Released under Apache 2.0 license as described in the file LICENSE.
Authors: Yaël Dillies
-/
import Mathlib.Algebra.Order.BigOperators.Group.Finset
import Mathlib.Algebra.Order.Pi
import Mathlib.Algebra.Order.Ring.Basic
import Mathlib.Data.Finset.Sups
import Mathlib.Data.Set.Subsingleton
import Mathlib.Order.Birkhoff
import Mathlib.Order.Booleanisation
import Mathlib.Order.Sublattice
import Mathlib.Tactic.Positivity.Basic
import Mathlib.Tactic.Ring
/-!
# The four functions theorem and corollaries
This file proves the four functions theorem.
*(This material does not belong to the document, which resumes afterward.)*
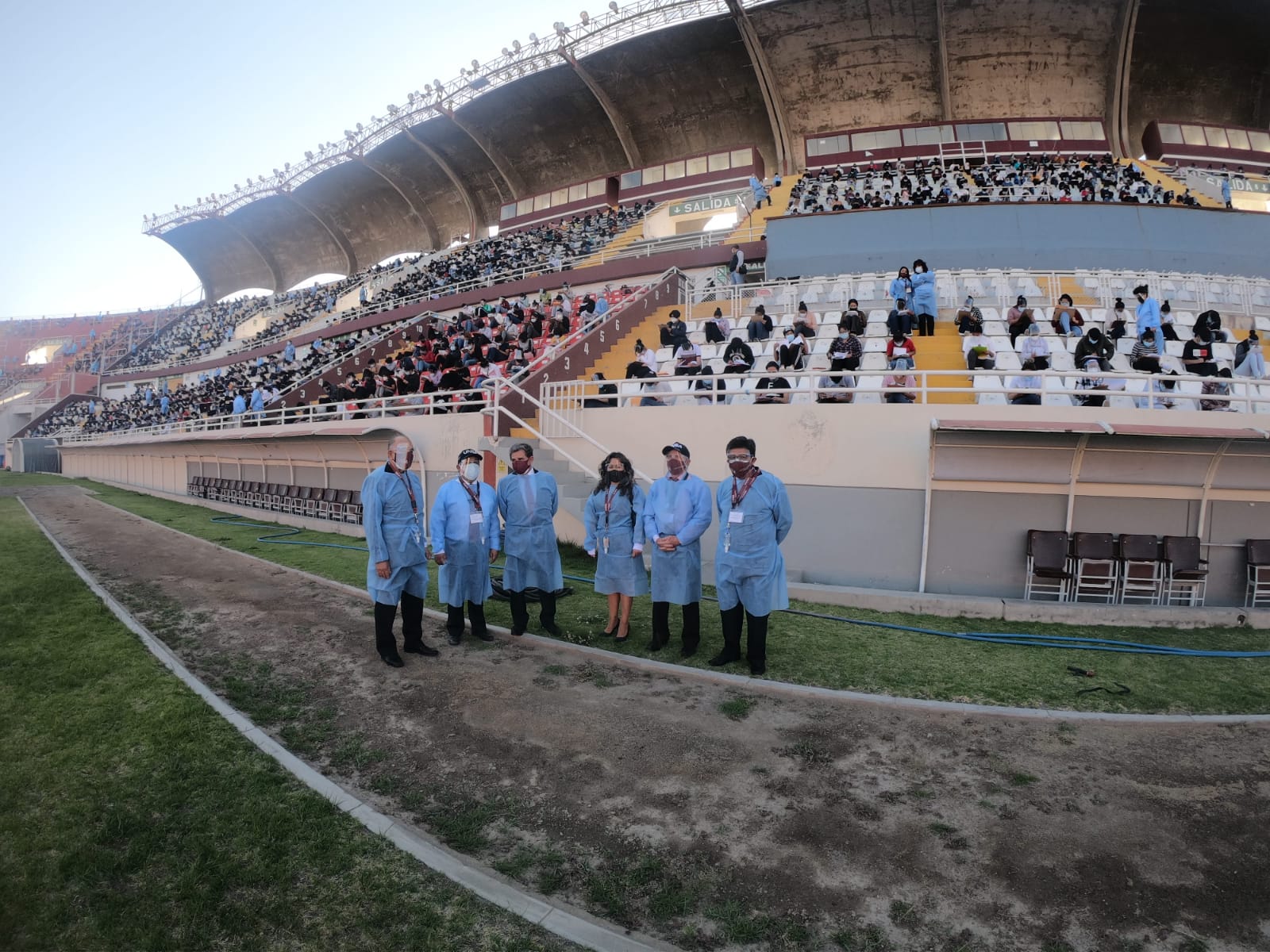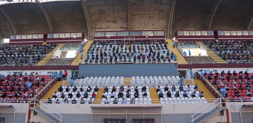 El examen se realiza en las graderías del Estadio de la UNSA respetando el distanciamiento social.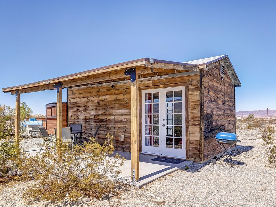 Are you looking for a great escape property to the beautiful and increasing popular High Desert area? Well look no further, here is the adorable Cactus Jack! This historic homesteader cabin was built in 1957 and updated with a number of modern day amenities including a flushing toilet, hot shower, refrigerator and much more. Off-grid solar panels and regularly delivered propane power the lights, accessories and utilities that include a space heater and water heater. Power pole sits at the edge of the property so upgrading to electric would be very possible. Local water truck delivery service supplies a 2,800 gallon water tank (cost to fill approx. $110). French doors open to the back porch where you can sit back and enjoy dramatic desert and mountain views. Window A/C unit is also included in purchase. Just a short drive (4.5 Miles) to the second Entrance to Joshua Tree National Park, shops, bars. and restaurants. One of the neighboring property is the Glass Outhouse Art Gallery which is a absolute treat to visit. Great opportunity to own a pristine piece of property in the booming high desert. The potential for this property is endless with ample room to expand. Access/easement road is well marked and in good shape so access to property is easy and close proximity to Hwy. 62. Great escape from City living and all at a very reasonable price. Great investment opportunity and offered turn key furnished. All CASH purchase; no financing available.

The statement is that if
`f₁ a * f₂ b ≤ f₃ (a ⊓ b) * f₄ (a ⊔ b)` for all `a`, `b` in a finite distributive lattice, then
`(∑ x ∈ s, f₁ x) * (∑ x ∈ t, f₂ x) ≤ (∑ x ∈ s ⊼ t, f₃ x) * (∑ x ∈ s ⊻ t, f₄ x)` where
`s ⊼ t = {a ⊓ b | a ∈ s, b ∈ t}`, `s ⊻ t = {a ⊔ b | a ∈ s, b ∈ t}`.
The proof uses Birkhoff's representation theorem to restrict to the case where the finite
distributive lattice is in fact a finite powerset algebra, namely `Finset α` for some finite `α`.
Then it proves this new statement by induction on the size of `α`.
## Main declarations
The two versions of the four functions theorem are
* `Finset.four_functions_theorem` for finite powerset algebras.
* `four_functions_theorem` for any finite distributive lattices.
We deduce a number of corollaries:
* `Finset.le_card_infs_mul_card_sups`: Daykin inequality. `|s| |t| ≤ |s ⊼ t| |s ⊻ t|`
* `holley`: Holley inequality.
* `fkg`: Fortuin-Kastelyn-Ginibre inequality.
* `Finset.card_le_card_diffs`: Marica-Schönheim inequality. `|s| ≤ |{a \ b | a, b ∈ s}|`
## TODO
Prove that lattices in which `Finset.le_card_infs_mul_card_sups` holds are distributive. See
Daykin, *A lattice is distributive iff |A| |B| <= |A ∨ B| |A ∧ B|*
Prove the Fishburn-Shepp inequality.
Is `collapse` a construct generally useful for set family inductions? If so, we should move it to an
earlier file and give it a proper API.
## References
[*Applications of the FKG Inequality and Its Relatives*, Graham][Graham1983]
-/
open Finset Fintype Function
open scoped FinsetFamily
variable {α β : Type*}
section Finset
variable [DecidableEq α] [LinearOrderedCommSemiring β] {𝒜 ℬ : Finset (Finset α)}
{a : α} {f f₁ f₂ f₃ f₄ g μ : Finset α → β} {s t u : Finset α}
/-- The `n = 1` case of the Ahlswede-Daykin inequality. Note that we can't just expand everything
out and bound termwise since `c₀ * d₁` appears twice on the RHS of the assumptions while `c₁ * d₀`
does not appear. -/
private lemma ineq [ExistsAddOfLE β] {a₀ a₁ b₀ b₁ c₀ c₁ d₀ d₁ : β}
(ha₀ : 0 ≤ a₀) (ha₁ : 0 ≤ a₁) (hb₀ : 0 ≤ b₀) (hb₁ : 0 ≤ b₁)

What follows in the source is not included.